Securrency vs. ADDX: Institutional Tokenization Hubs

A technical and strategic comparison of Securrency (now part of DTCC) and ADDX, two leading platforms for digitizing traditional capital market assets. Analysis focuses on architecture, regulatory approach, and target institutional use cases.
Chainscore © 2026
introduction
THE ANALYSIS

Introduction: The Battle for Institutional Asset Servicing

A head-to-head comparison of Securrency's regulatory-first infrastructure versus ADDX's integrated exchange platform for tokenizing real-world assets.

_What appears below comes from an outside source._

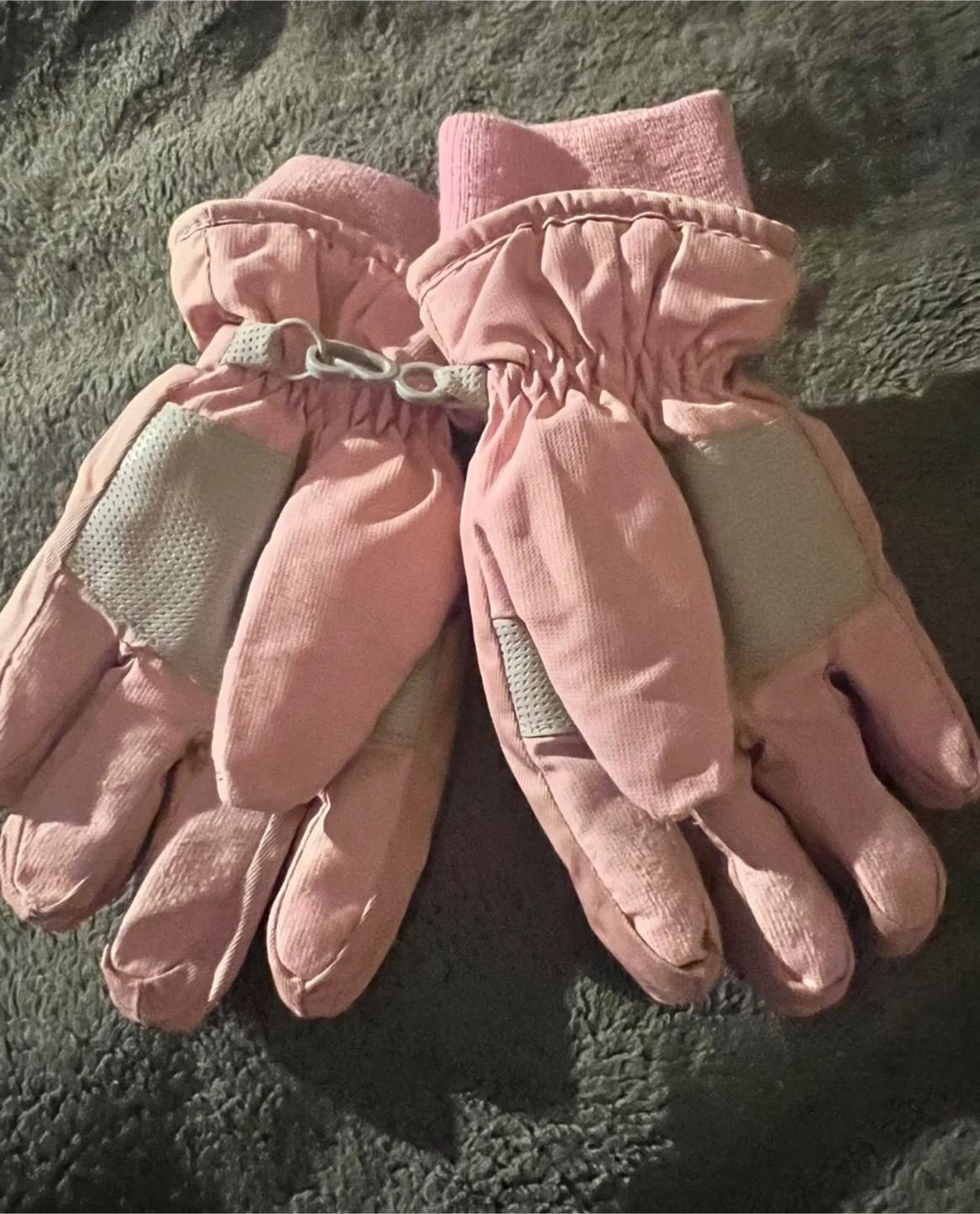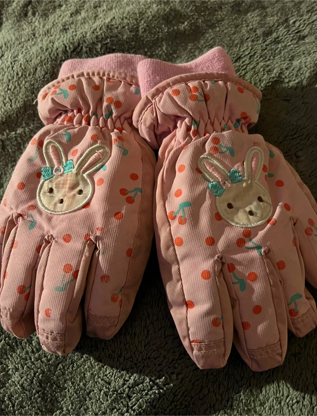 These cute pink winter gloves feature a cheerful bunny and cherry pattern. They have a soft lining and adjustable wrist straps for a snug fit. Perfect for keeping little hands warm during colder weather!

Securrency excels at providing a compliance-by-design infrastructure layer, enabling institutions to tokenize assets while embedding regulatory logic directly into the token. Its core strength is the CAT-20 and CAT-721 token standards, which natively support KYC/AML, tax rules, and transfer restrictions. This is powered by its proprietary Regulatory Rulebooks and Policy Manager, allowing for automated, jurisdiction-specific compliance. For example, its architecture is designed to handle the complex multi-jurisdictional requirements of securities, making it a preferred backend for large banks and asset managers like WisdomTree and State Street.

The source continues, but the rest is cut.